Oh my God, I’m fucking a giant breast
, he thinks, just before he comes, in the moment that is like falling, when Heaven and Earth seem to fit together.

Chapter Nineteen ~ Usefulness

The zebra keeper is in his rented kitchen, lying on the ridged, prickly carpet near the fridge. The carpet is tough-wearing and of indeterminate colour, chosen by the landlord to withstand the enthusiasms of sloppy young men with an aversion to vacuuming. The zebra keeper is lying on the patch where the spilled food collects on its journey to and from the table.

The zebra keeper’s name is James. He remembers this almost as soon as he wakes up. His left arm is slightly numb where he has been lying on it. His underpants have hitched themselves a little way into the cleft between his buttocks, which he now remedies with his good hand.

James’s flatmate, Robert, another animal keeper and his best friend, walks bare-footed into the kitchen from his bedroom. He is also wearing the clothes he wore last night. He knocks James’s head lightly as he opens the fridge door to find a beer. ‘Man, that party was really kicking last night.’

James is sitting up, shaking his left hand vigorously and patting his discarded jacket with his right, trying to locate his cigarettes. ‘Yeah,’ he agrees. He begins to laugh. ‘Every time I looked at the old lady, she seemed to be morphing into one of her animals.’

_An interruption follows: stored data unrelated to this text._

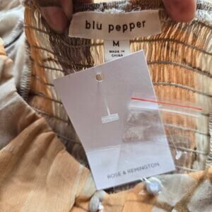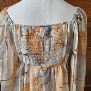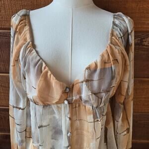 NWT Blu Pepper Womens Y2K Sheer Peasant Babydoll Top M Abstract Sweetheart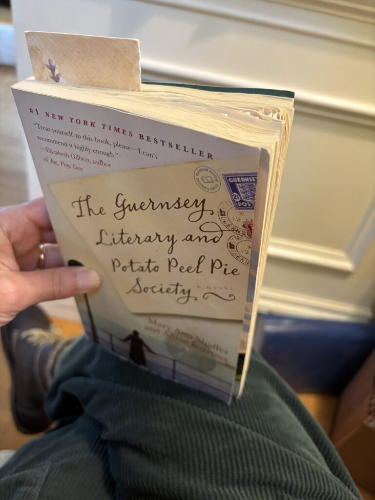 The Guernsey Literary and Potato Peel Society! Oh my, I love this book. My first copy got left accidentally in a seat pocket on a flight from Scotland to Canada. Second copy has been read again and is safely tucked onto a bookshelf in our home. I only hope my forgotten book brings as much joy to the next reader as it did me.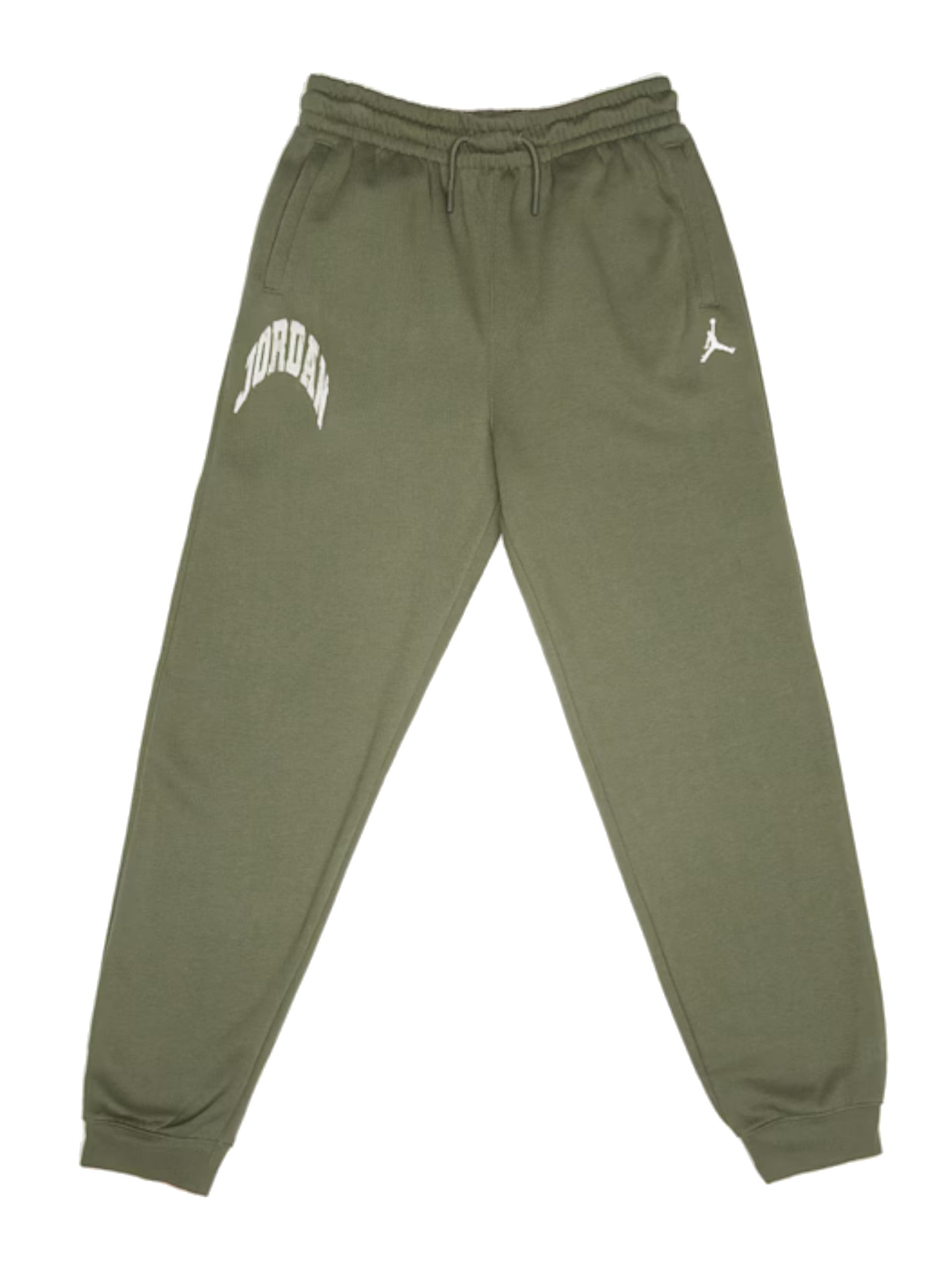 Pantaloni tuta Jordan verdi da bambino in cotone felpato. Questi pantaloni Jordan verdi hanno la banda elastica sul punto vita regolabile con laccetti, due tasche laterali aperte, una tasca posteriore, logo Jordan ricamato, la scritta Jordan applicata sulla gamba sinistra e polsini elasticizzati.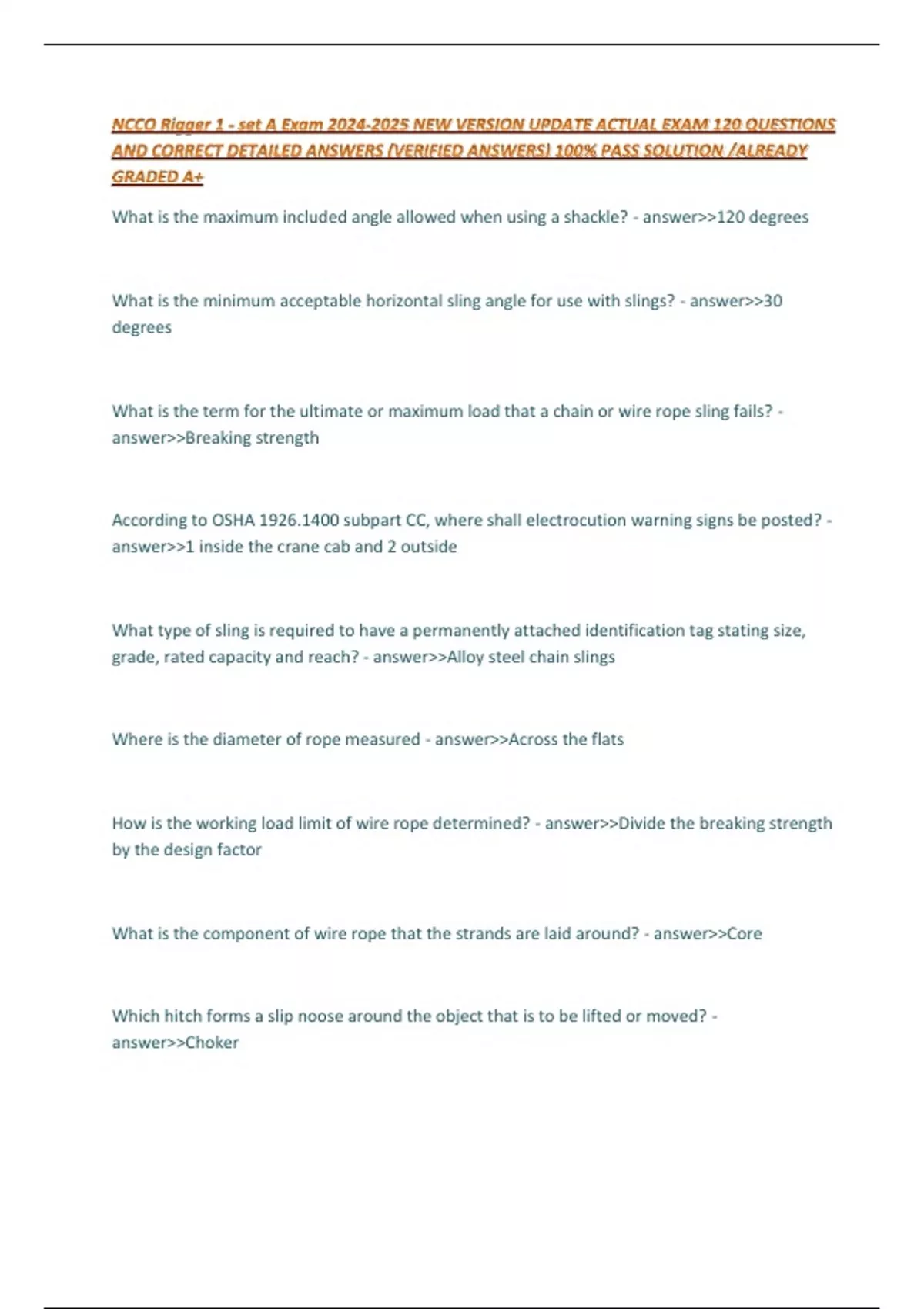 NCCO Rigger 1 - set A Exam NEW VERSION UPDATE ACTUAL EXAM 120 QUESTIONS AND CORRECT DETAILED ANSWERS (VERIFIED ANSWERS) 100% PASS SOLUTION /ALREADY GRADED A+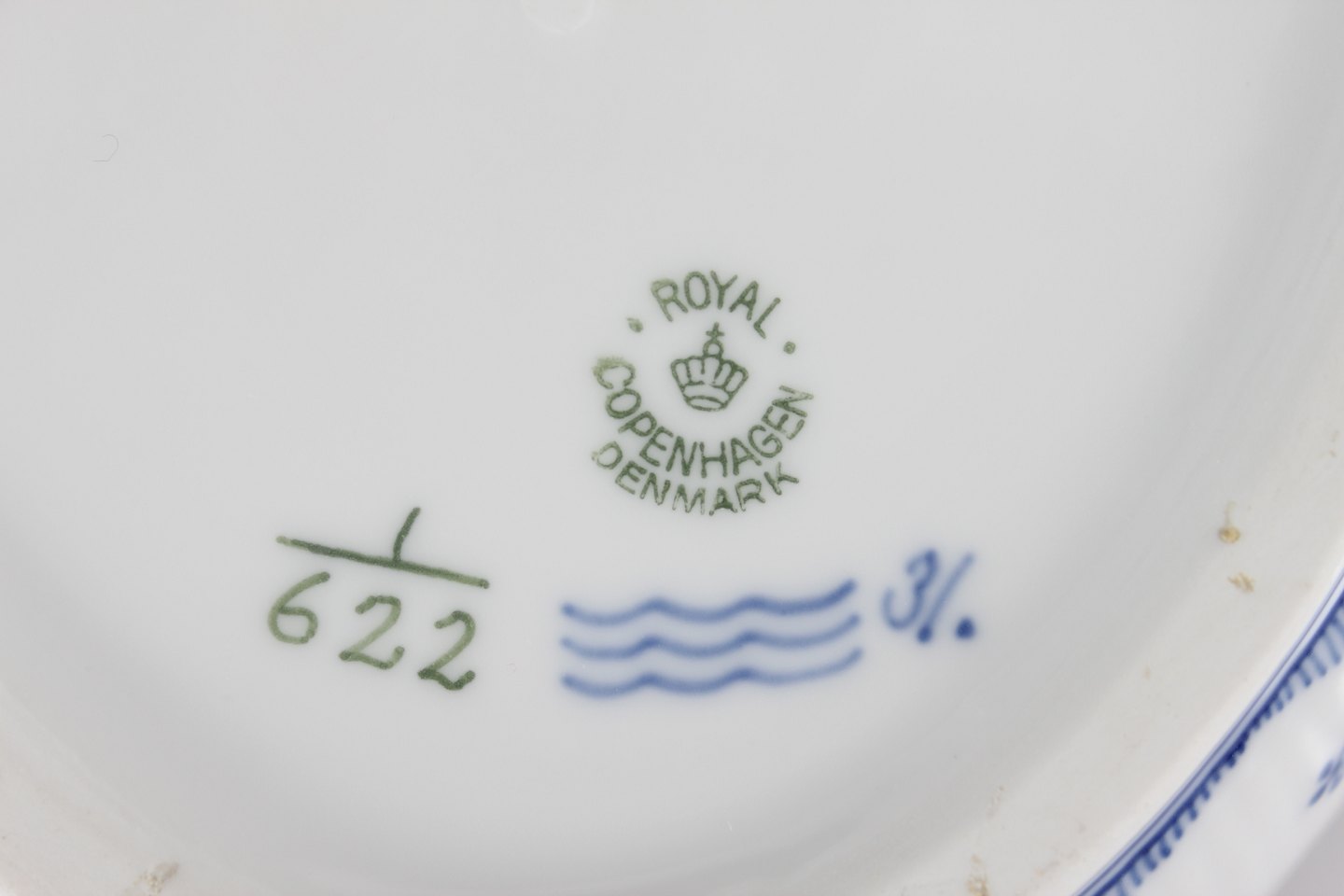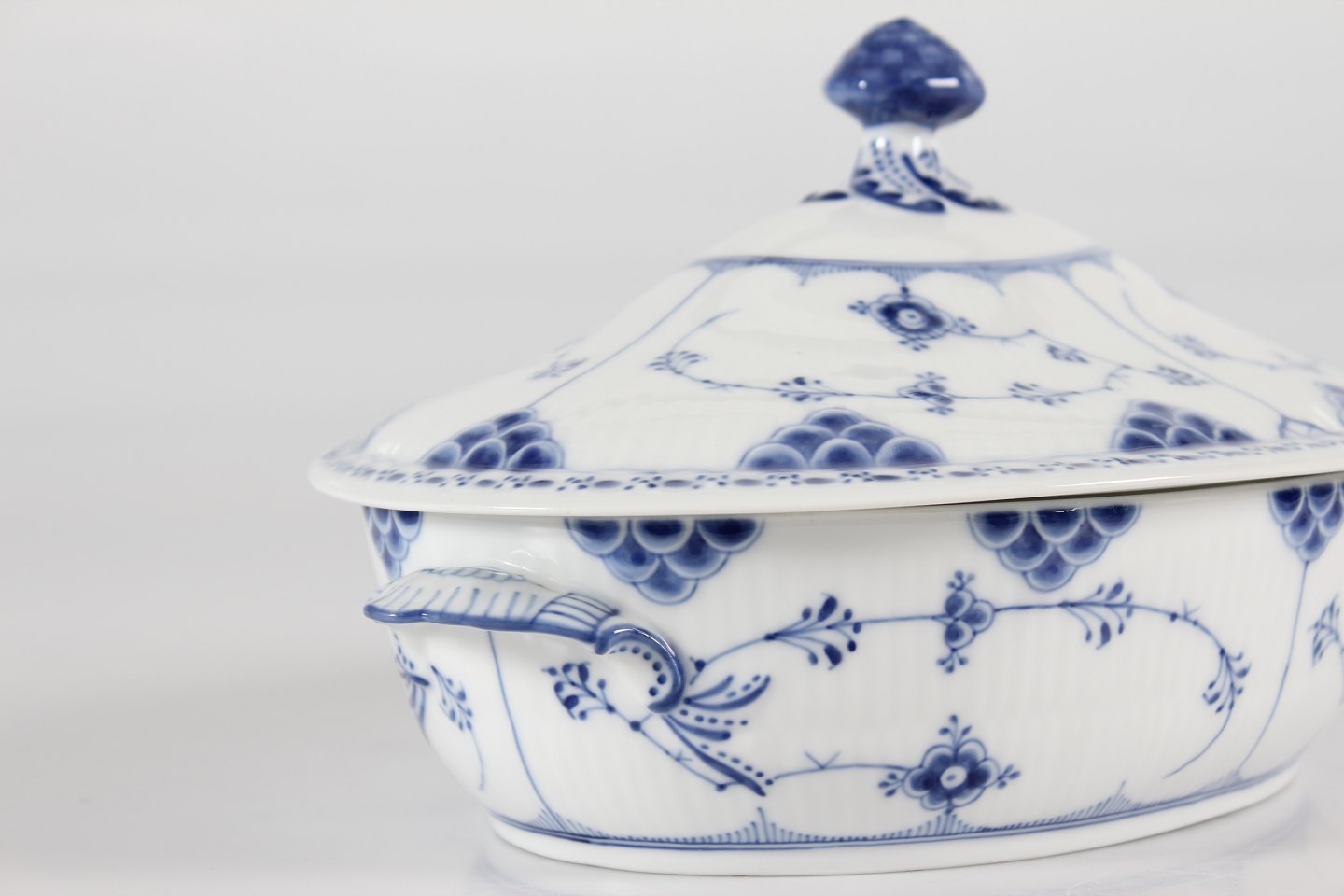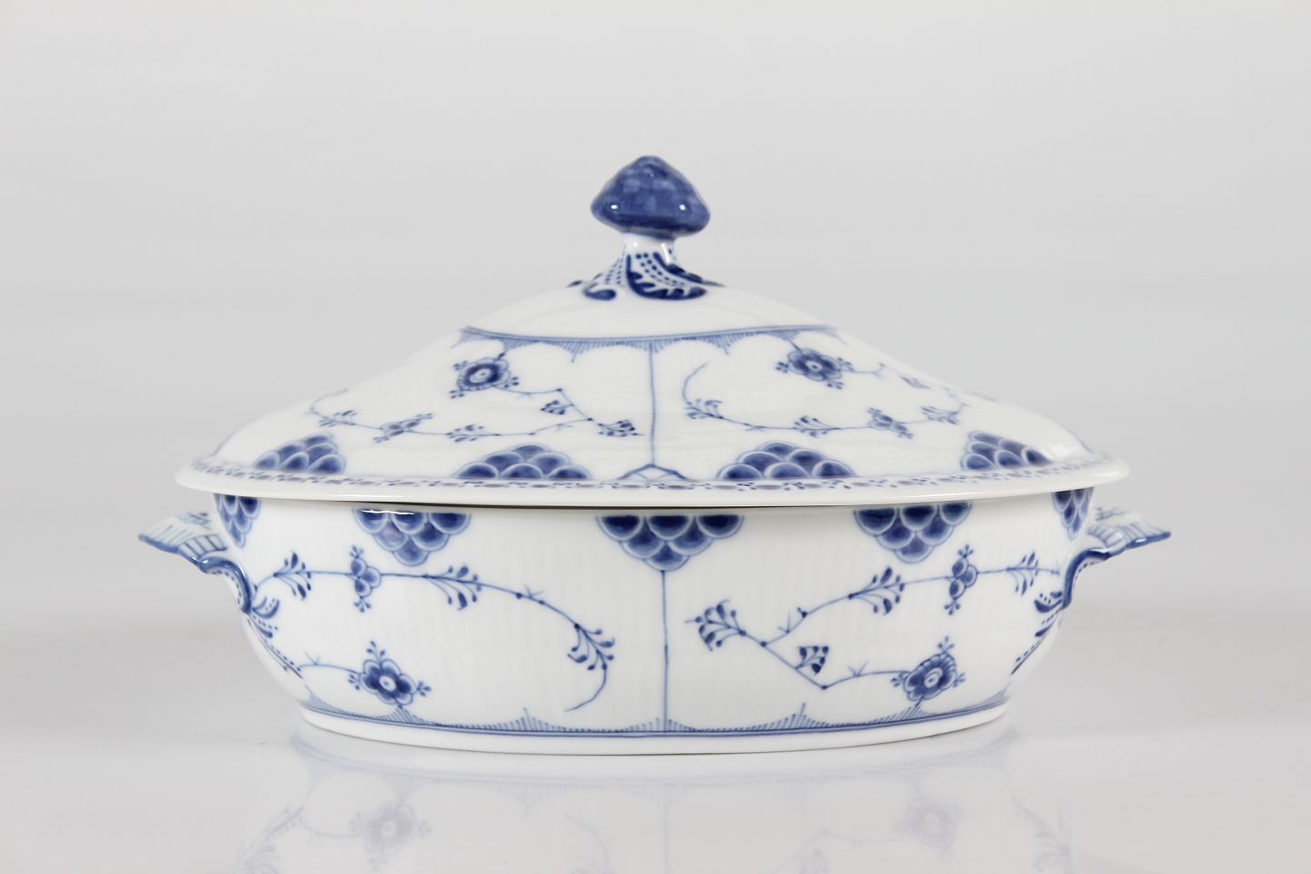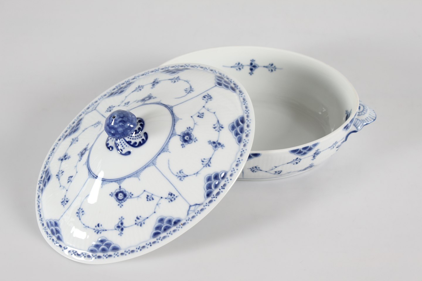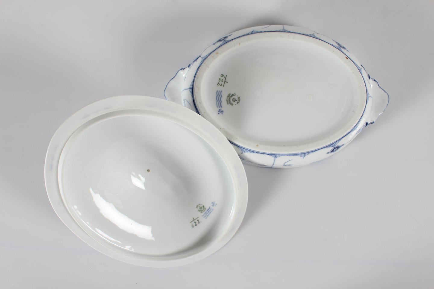Royal Copenhagen Musselmalet Halvblonde Ovalt lågfad/lille terrin nr. 1/622 Med stempel fra perioden 1923-34 Længde 27,5 cm Bredde 19 cm Højde 15 cm Fin fejlfri 1. sortering

‘She was necking the punch down.’

‘So was everyone. I was tripping off my face but they were just tottering around, making small talk like nothing was happening.’

‘The alcohol kills it. There wasn’t really enough in the punch to do anything except put a sheen on things, although I chucked a bit on the chicken satay as well. You and me and Christian had a whole phial each before we even went out. Don’t forget we had all that coke as well.’

‘God yeah, I still owe you for that. I better do some overtime this month to pay for it.’ James drags himself to a wooden chair and sits down, conserving his energy for the while.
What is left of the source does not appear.